Over the past half century, the US has flirted with the idea of an independent candidate - not surprisingly, since the summit of American political power is uniquely accessible to outsiders. Yes, Dwight Eisenhower ran as a Republican, but he came to the White House not as a product of the political system but as a war hero, the former supreme allied commander in the Second World War. Colin Powell, another high-profile military commander, might have won had he run in 1996.

Eisenhower and Powell were genuine national figures. Perot came out of nowhere. He declared his availability on Larry King's TV show in February 1992. Three months later, he briefly led both Bill Clinton and George Bush Snr in the polls. In July, he dropped out of the race, only to re-enter in September, accusing Republican operatives of plotting to disrupt his daughter's wedding. A lot of people thought he was crazy, but that didn't stop him winning 19 per cent of the vote, doing better than any third-party candidate since Roosevelt's 27 per cent in 1912. Unfortunately, he carried no states, thanks to a winner-takes-all system that penalises third parties, just as it hurts the Liberal Democrats in Britain.

At 75, Perot is a bit past it now. But the temptation for an independent to make a serious run at the White House must be strong. The question is, who? There are two obvious places to look: the military (10 of the 43 presidents have been generals) and big business.

In this age of security angst, when America's soldiers - unlike its politicians - are venerated, the military ought to have a head start. But Wesley Clark, the brainy and handsome former Nato commander, tried in 2004 and, running as a Democrat, won just a single primary. Americans, it seems, like their generals on the battlefield, but reckon hard-nosed businessmen get things done. And getting things done is what the country wants now.

It helps, too, that businessmen tend to be rich. Perot spent $70m of his $2bn-plus fortune on the 1992 campaign, yet that somehow made him "cleaner" than the main-party candidates, enmeshed in the dark arts of fundraising. For all his eccentricities, he had a beguilingly folksy yet trenchant turn of phrase: "If someone as blessed as I am is not willing to clean out the barn, who will?"

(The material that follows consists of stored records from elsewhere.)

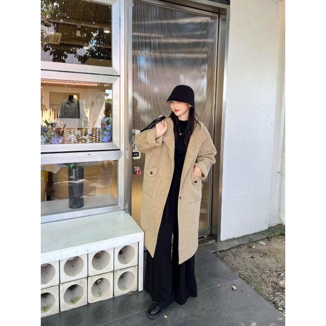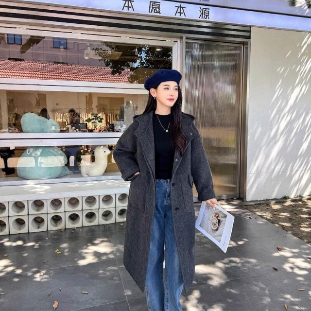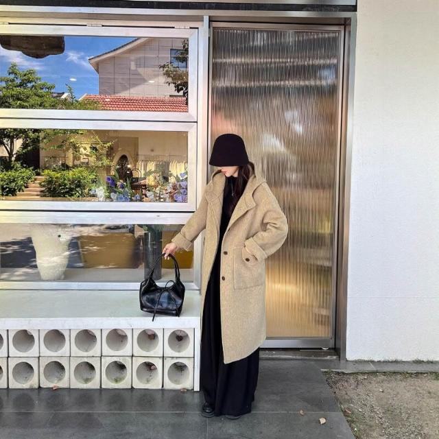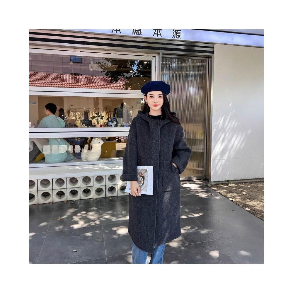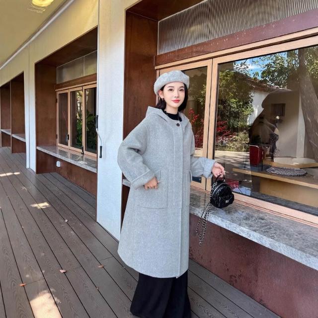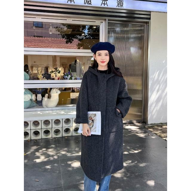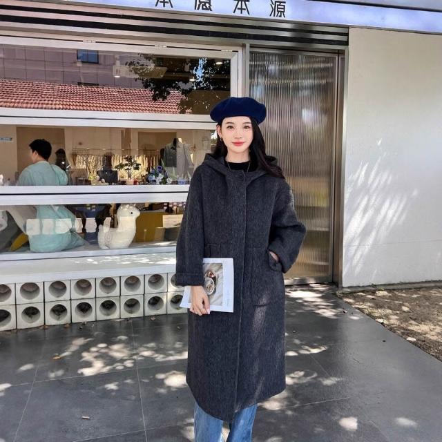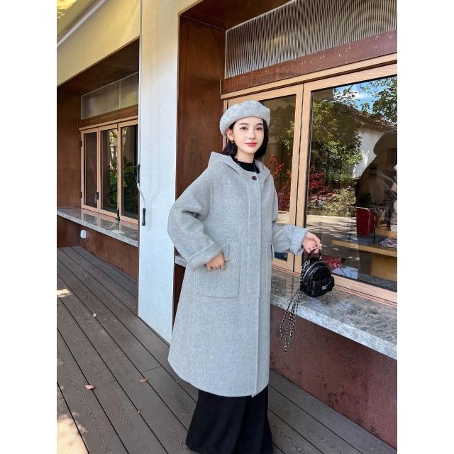 2025秋冬新款雙面羊毛大衣女連帽加長款過膝羊毛寬松氣質毛呢外套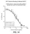 FIGS. 13 & 14 depict inhibition of HUVEC adhesion to immobilized human or mouse EGFL7 in vitro by humanized 4F11 variants. HUVECs (20,000 cells/well) were allowed to adhere to 96 well plates coated with 5 μg/ml human or murine EGFL7 in the presence of increasing concentrations of antibody. The number of cells that still adhered to the plates after washing were counted and calculated as percent of the total cells plated into each well.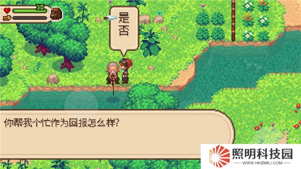 在沒有武器的情況下路上的灌木叢會擋住你的去路,有武器時只需點擊攻擊鍵就可以擊毀灌木叢,在擊毀灌木叢后有幾率掉落補血的紅心和金幣,屏幕左上角綠色條是生命值,底下的黃色條是經驗值,擊殺怪物后獲得大量經驗值升級,在森林中如果遇到寶箱一定要面對寶箱點擊攻擊鍵打開寶箱,可能會獲得物品。

Nor was he the first of his kind. Many Democrats wanted to draft Lee Iacocca, former boss and saviour of Chrysler, for the 1988 campaign. But despite polls showing him trouncing George Bush Snr, the all-but-certain Republican nominee, Iacocca declined. "I don't mind running," he said. "But what happens if I win?"

If a new Perot is out there, politicians should watch out. Some say the entrenched party system will prevail, and that in any case, a soldier or businessman, used to a straightforward world in which orders become deeds, would be crazy to venture into the devious, endlessly procrastinating universe of politics. Crazy? Doesn't that bring us back to li'l ol' Ross?